UF and MF membranes have been typically synthesized by phase inversion method due to cost effect mass production[5]. If the target materials could be dissolved in organic solvents, the pore is simply formed as mixing the poor solvents. This method is named as non-solvent induced phase inversion (NIPS). In case of some polymers such as polyethylene or polypropylene, it would be difficult to find proper organic solvent to dissolve them at room temperature. At this time, those polymers could be dissolved in diluents at high temperatures. Based on the thermodynamic, the phase separation takes place when the temperature is cooled until binomial points. This method is called as thermally induces phase separation (TIPS)[6,7]. Current commercialized MF and UF membranes are released using TIPS or NIPS. However, since both methods have been well known relatively, the technical barrier is relatively low. A novel technique to achieve a competitive price must be developed with well controllable pore size[8].

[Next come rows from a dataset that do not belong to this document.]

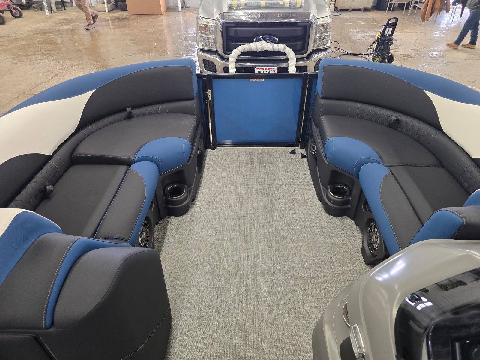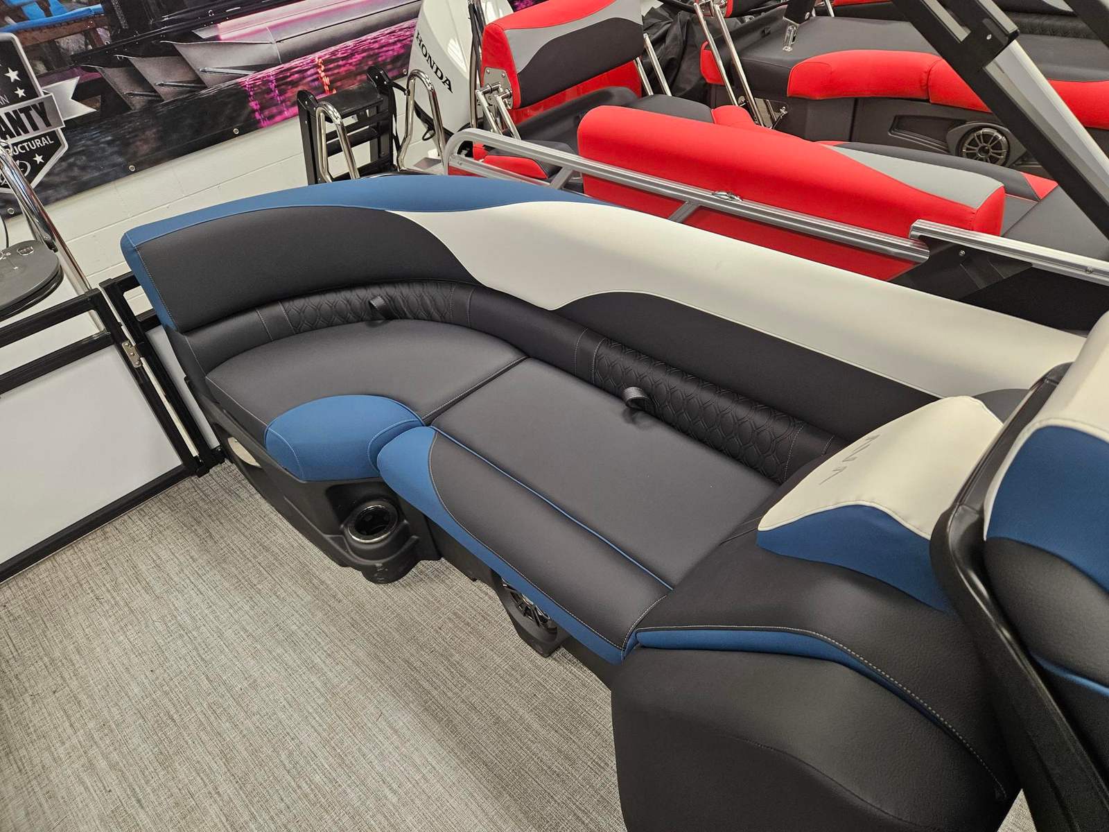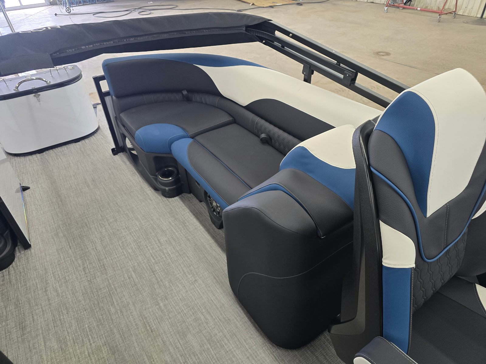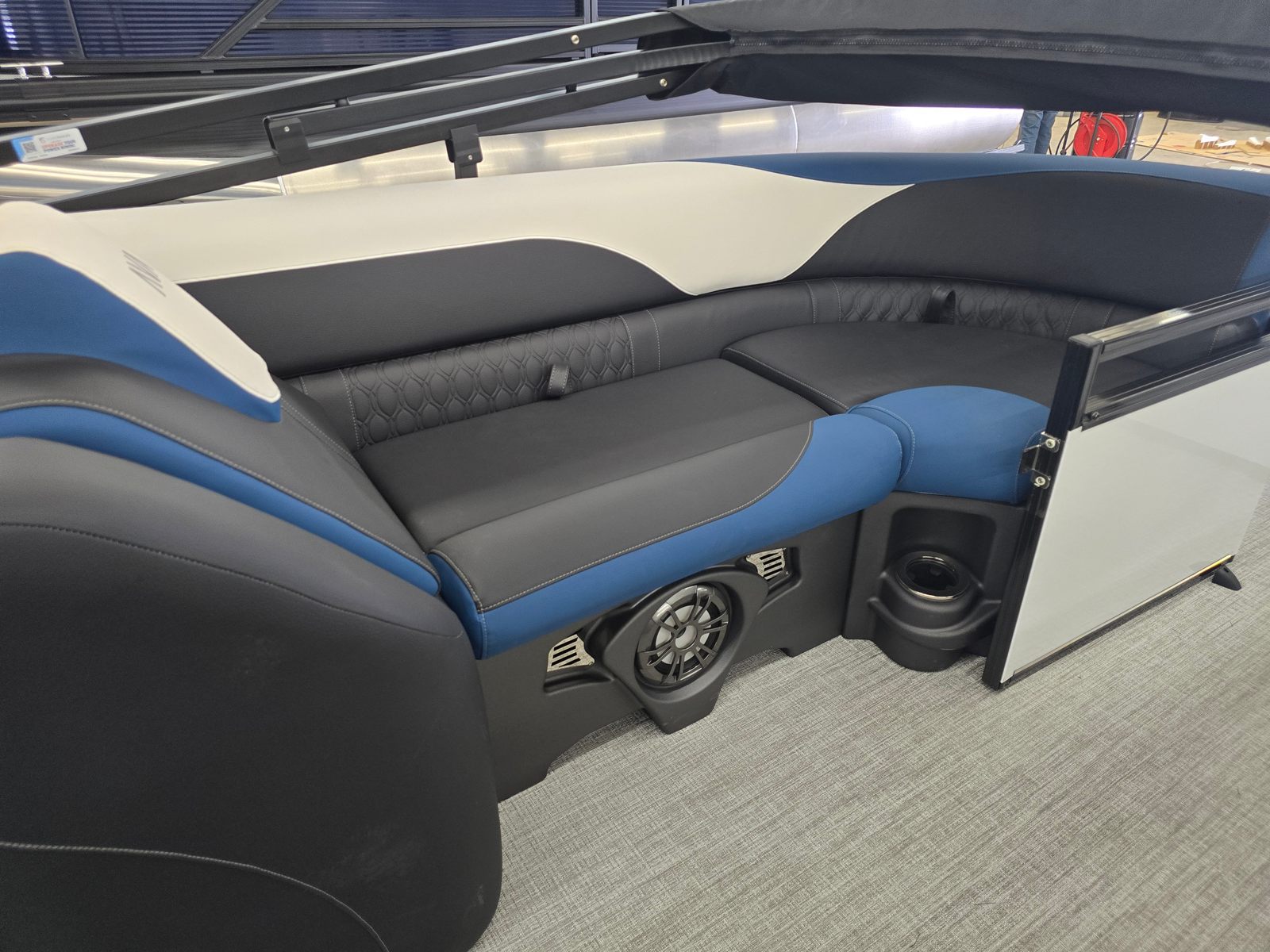 The Avalon LSZ QL-23T is packed with features designed to elevate your time on the water. The LSZ Platinum Edition brings a host of premium touches, from upgraded materials to refined finishes. The Blue Ice Package adds a cool, modern flair, making evening cruises even more magical. The Caribbean Blue Walls and White Flake Metallic accents create a visually stunning exterior, while the Black Fresco and Ultrafine Bright White vinyls, accented with Caribbean Blue, offer both comfort and durability for all-day lounging. The spacious 24.5-foot layout provides plenty of room for guests, making it easy to host gatherings or enjoy quiet moments with loved ones. Every detail of this pontoon boat is crafted to enhance your comfort and enjoyment.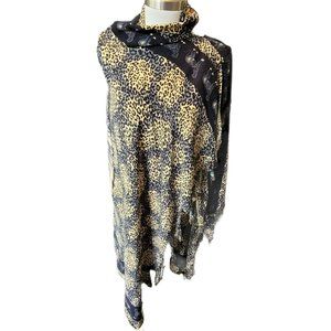 Cheetah Lion Shawl Wrap Gray Yellow Graphic Beaded Unique 62x27 JJ1012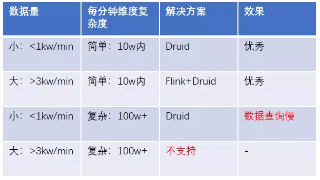 - 简单的维度组合+小的数据量,可以用 Druid 直接解决。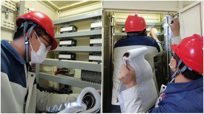 運(yùn)維主管帶領(lǐng)休息的運(yùn)維人員開展對水輪發(fā)電機(jī)一次調(diào)頻、PSS、繼電保護(hù)裝置、穩(wěn)控裝置、振蕩解列裝置、調(diào)度自動(dòng)化裝置、通訊裝置參數(shù)和定值核對,現(xiàn)場壓板投入及方式投退核對,確保藏中電網(wǎng)異步聯(lián)網(wǎng)期間嘎堆水電廠孤網(wǎng)安全穩(wěn)定運(yùn)行。
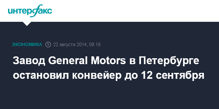 Москва. 22 августа. INTERFAX.RU - Завод General Motors в Санкт-Петербурге "Джи Эм Авто" в пятницу останавливает конвейер до 12 сентября 2014 года.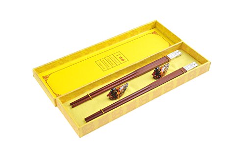 Elegant red sandalwood chopstick set, with metal chinese characters "HuaKaiFuGui" decoration (flowers bloom in prosperity), rests and decorative box (2 pairs), Mod. CB-S2-G-M01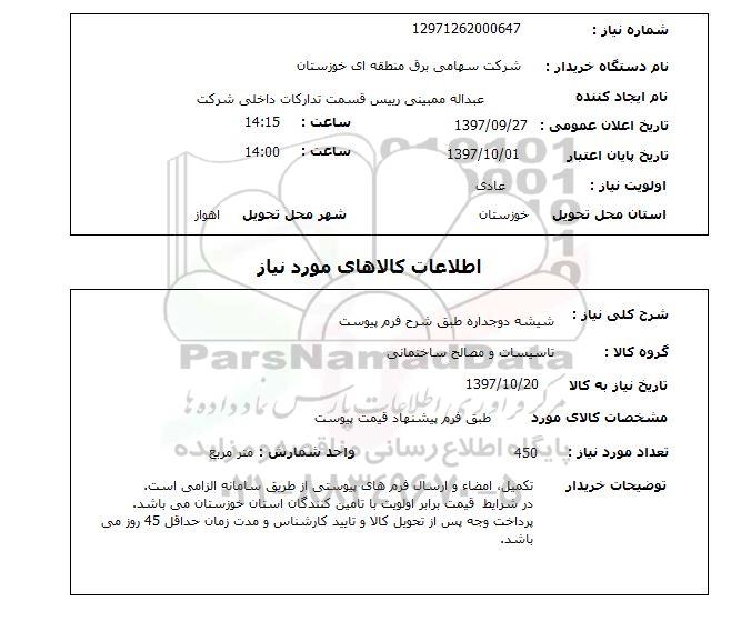 شرح کلی نیاز : شیشه دو جداره طبق شرح فرم پیوستی

As one approach, the amount of used materials must be minimized. The volume portion of solvents or diluents for NIPS and TIPS is around 80%[9-12]. They occupy around 50% in the production cost except for incidental expenses. Even though those solvent or diluent could be recyclable, those are wasted in most cases. Also, it takes at least 1 week to remove remained solvents and diluents or use pore-forming chemical agents such as glycerin. In addition, the coagulation liquids are also the additional cost. The additional process could also increase the production cost.

This study introduces a novel method, named as a solution spreading phase inversion method, which produces a porous membrane in several seconds without any additional next process. The solution spreading is based on the solvent spreading on water. The solvent spreading must stratify two conditions; 1) the solvent should be buoyant in the subphase (water) without sinking and dissolving, 2) the solvent must spread on the surface of water. The solvent spreading is easily observed when the polymeric solutions were dropped on water. However, the film is typically not uniform because of the uncontrollable combination phenomenon among gravity, surface tension, evaporation, or shrinkage, etc. To put the handing condition, the suitable solvent is primary searched. However, it would be difficult to find the suitable solvent with relatively cost-effective solvent removal and Hansen solubility parameter matching. More important things, the film must have pore structures to show the ability of membrane. However, until recently, there is no study about a solution spreading phase inversion method to fabricate the membrane. Therefore, this study exhibits that the suggested method is very unique to fabricate the MF membrane with satisfying all the needs.

2. Experimental

As the model polymer, polysulfone (PSf) was purchased from BASF (Germany). The solvent, N,N-dimethyformaide (DMF), dichloromethane (DCM), and chloroform (CF) were purchased from Duck San Pure Chem. (Korea). As pore-forming agents, dimethylsulfoxide (DMSO) and blenched polyethyleneimine (PEI) were purchased from Sigma-Aldrich (USA). The polyester mesh (350 mesh) was used as the support layer. The images of samples were obtained using an optical microscopy (OM; Olympus, Japan), and a mini-SEM (COXEM, Korea) after Pt coating. The flux of water was measured using a home-made coupon cell (effective area: 18 cm2) with distilled water.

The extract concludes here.